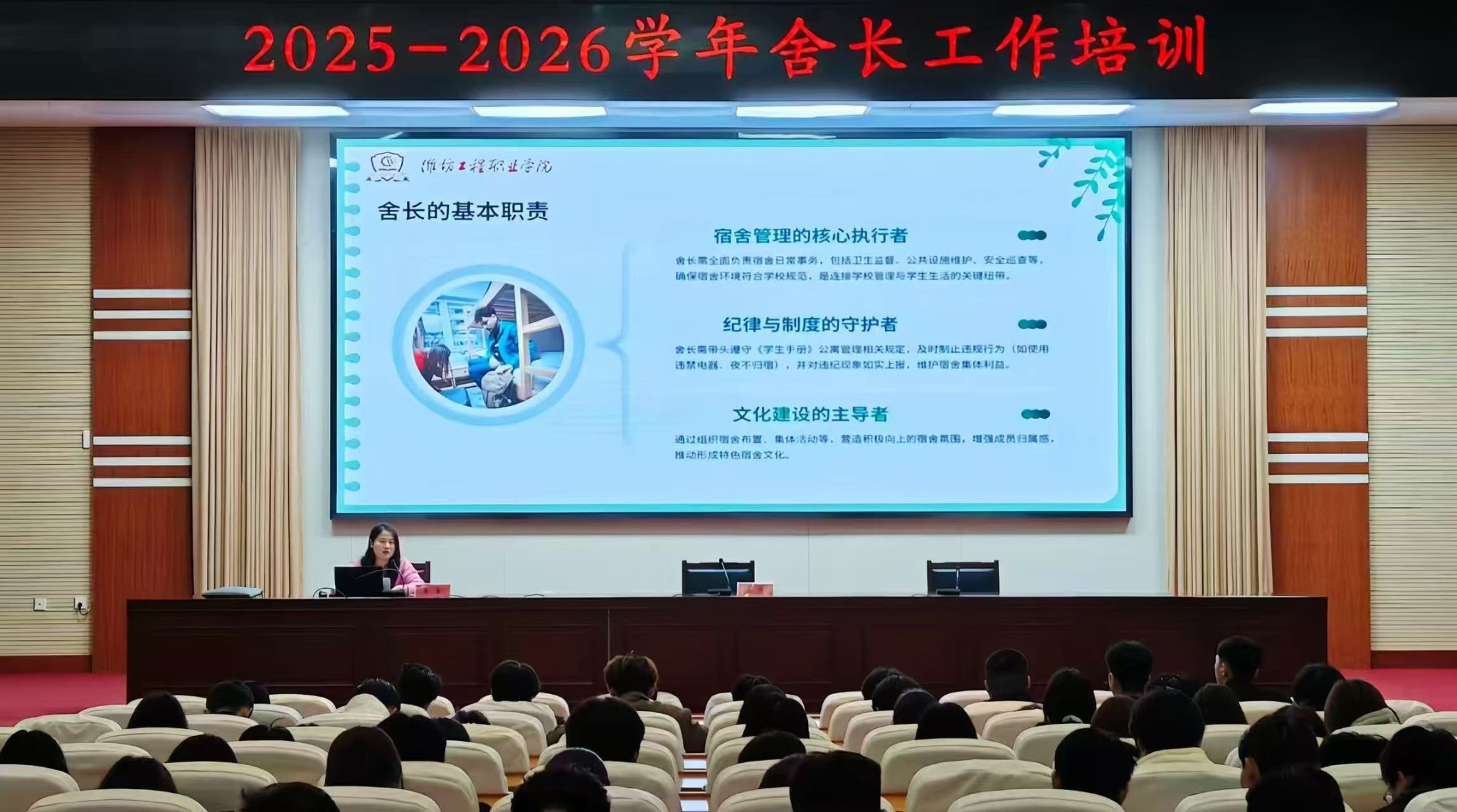 为深入推进“一站式”学生社区综合管理模式建设,系统提升寝室长的综合能力,打造一支高效的宿舍管理骨干队伍,11月7日-14日期间,学生工作处在学术报告厅组织开展2025-2026学年宿舍长业务培训会,本次培训分四场进行,邀请二级学院优秀辅导员、定向培养军士老师担任主讲人。2025级新生宿舍长、校院两级寓管会成员近2000人参加培训。
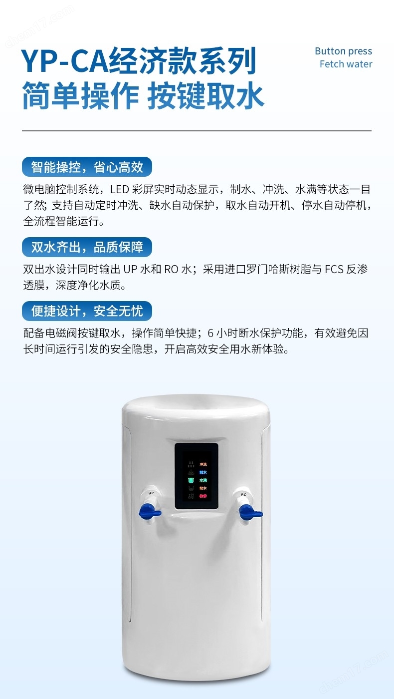 - 智能化功能:現(xiàn)代機型普遍配備智能水控系統(tǒng),缺水時自動停機防止設備空轉(zhuǎn);部分型號支持水質(zhì)實時監(jiān)測,并通過數(shù)碼顯示提醒濾芯更換。
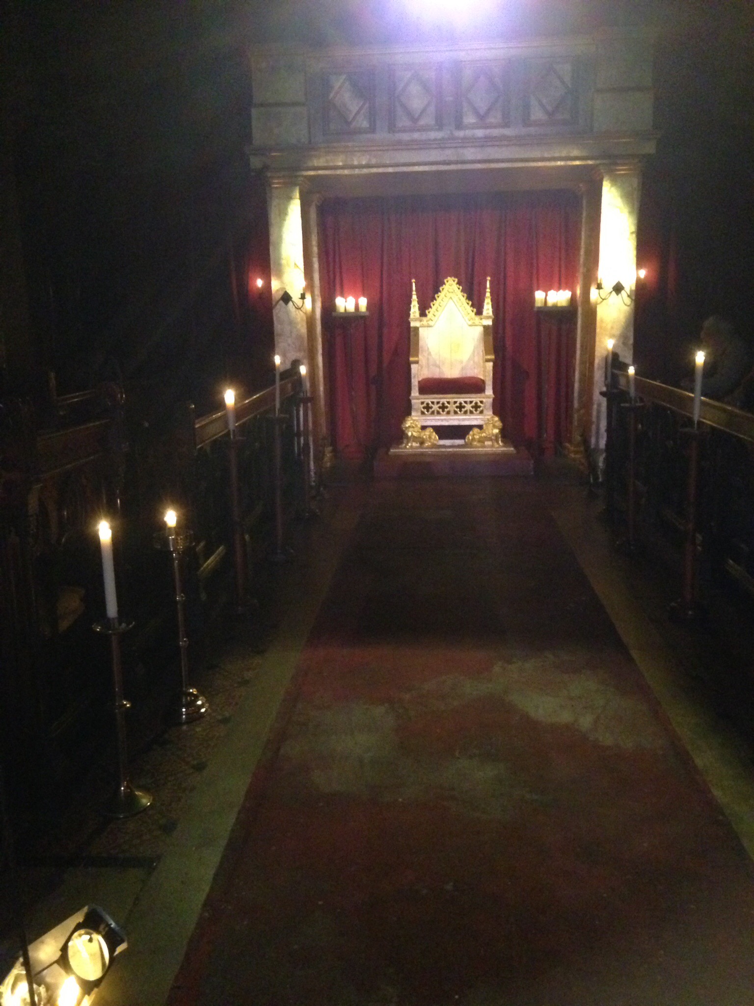 The action took place on the shape of a cross, there was not a raised stage, and the pews were all down the length of it with the throne at one end. There are different price bands and so it depended on your ticket price to where you could choose to sit, I was sat near the throne. The whole of the cross was used so everyone could see the majority of the action though where I was sat some of my view was obscured by the pew ends.
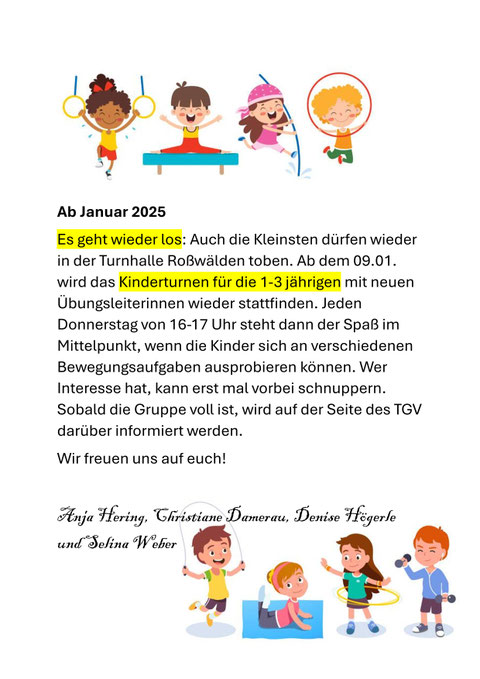 Insbesondere suchen wir auch Personen, die das Eltern-Kind- oder Vorschulturnen leitend übernehmen würden und sich für eineAus-oder Fortbildungs- Lizenz interessieren.
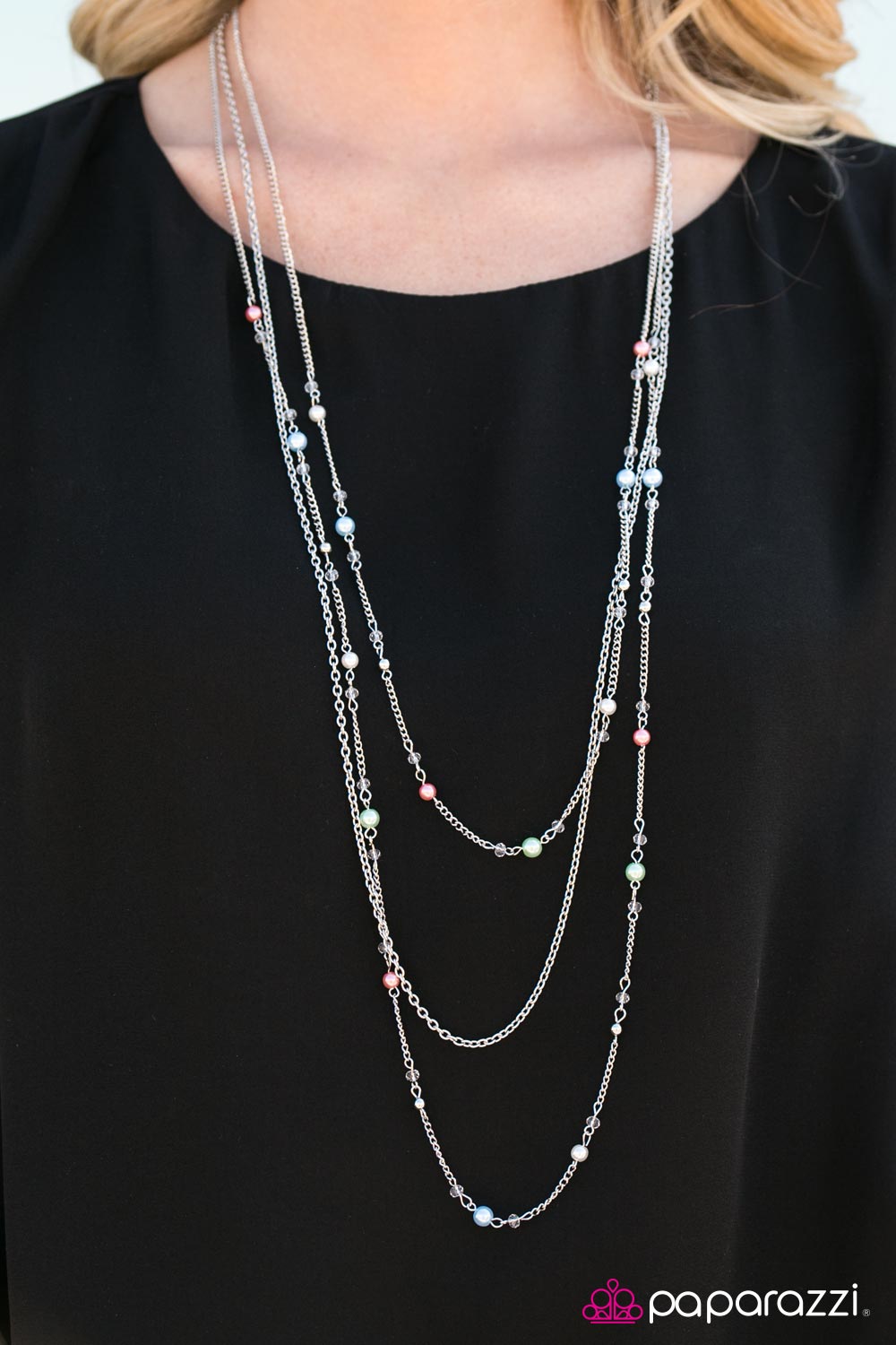Dainty multicolored pearls trickle along trestles of silver chain in a whimsically layered fashion. Splashes of silver and crystal beads are added to the summery palette for a sparkling finish. Features an adjustable clasp closure.

◇ ◇ ◇ ◇ ◇

* Assignment
Skipping all pictures, set the listing down exactly as written.

* Answer to this problem
 为深入推进“一站式”学生社区综合管理模式建设,系统提升寝室长的综合能力,打造一支高效的宿舍管理骨干队伍,11月7日-14日期间,学生工作处在学术报告厅组织开展2025-2026学年宿舍长业务培训会,本次培训分四场进行,邀请二级学院优秀辅导员、定向培养军士老师担任主讲人。2025级新生宿舍长、校院两级寓管会成员近2000人参加培训。
 - 智能化功能:現(xiàn)代機型普遍配備智能水控系統(tǒng),缺水時自動停機防止設備空轉(zhuǎn);部分型號支持水質(zhì)實時監(jiān)測,并通過數(shù)碼顯示提醒濾芯更換。
 The action took place on the shape of a cross, there was not a raised stage, and the pews were all down the length of it with the throne at one end. There are different price bands and so it depended on your ticket price to where you could choose to sit, I was sat near the throne. The whole of the cross was used so everyone could see the majority of the action though where I was sat some of my view was obscured by the pew ends.
 Insbesondere suchen wir auch Personen, die das Eltern-Kind- oder Vorschulturnen leitend übernehmen würden und sich für eineAus-oder Fortbildungs- Lizenz interessieren.
Dainty multicolored pearls trickle along trestles of silver chain in a whimsically layered fashion. Splashes of silver and crystal beads are added to the summery palette for a sparkling finish. Features an adjustable clasp closure.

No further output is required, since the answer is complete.